You have been cycling for a while... I see you say a month... in that time, nitrite should be showing up... so something is amiss.
How often are you doing ammonia currently?
2.0 ppm ammonia drops to 0 in 24 hours means that nitrite should be showing up in some capacity - or had... at some point. Did you ever get a color in the nitrite tube other than the 'baby blue' color representing zero? Or are you getting a 'greyish' color?
Nitrates keep popping at 80ppm... again, the only way nitrate would show up without nitrites would be if you have a complete cycle going OR your tap water is exceedingly high nitrate.
One other possibility remains...
The ammonia is processing to nitrite, but has well exceeded the tolerance of the test kit, and it is giving you the 'greyish' color, rather than the blue.
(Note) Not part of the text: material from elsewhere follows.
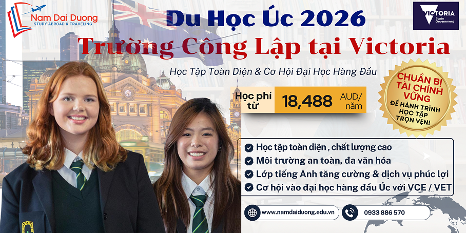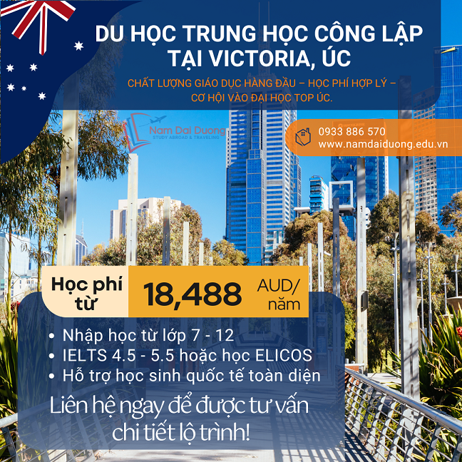 ** Quý phụ huynh, học sinh cần hỗ trợ giải đáp thông tin về chương trình trung học tại hệ thống trường công lập bang Victoria – hồ sơ du học Úc, học bổng du học Úc, chuẩn bị hồ sơ và thủ tục du học Úc,….liên hệ ngay Nam Đại Dương để được hướng dẫn lộ trình học chuẩn ngay từ bây giờ để phù hợp với tài chính và thế mạnh của từng học sinh nhé.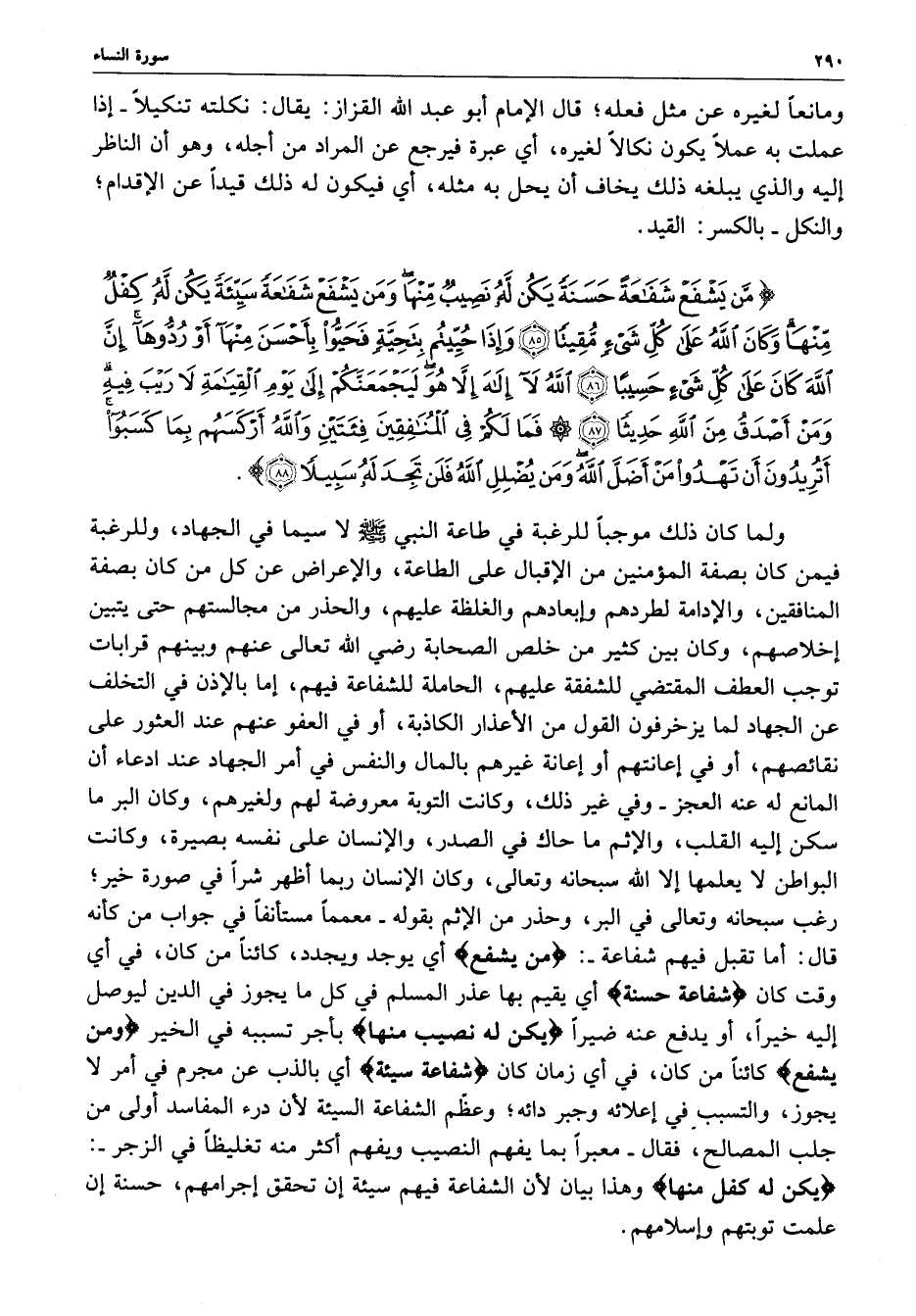 النساء : ( 85 - 88 ) من يشفع شفاعة. .. . .

That represents 'off the scale'. And a side effect of that can be, that you are getting a false high reading in the nitrate, because the test kit converts the nitrate to nitrite (Bottle 1, I believe) and then Bottle 2 is reading the nitrite in the tube. And if you have a nitrite SPIKE, you might very well just be reading that with the nitrate test (as its capable of reading higher values than the nitrite).
If all this is true, and you've been cycling for a while... getting the 'grey' color, you may have stalled the nitrite portion of the cycle and require a full tank water change to remove them. Then, before adding ammonia... do a nitrite test, to see if that brings the nitrite down low enough to be on the scale.
A secondary option for testing would be a diluted nitrite test. You can take a sample of tank water. Add 9 x as much water from your tap to that and mix them. Then test that sample of water. Whatever nitrite reading you get, can be multiplied by 10 to get a decent sense for where the nitrite really is. Our goal is to always have it well under 15ppm, as that's normally around where it stalls.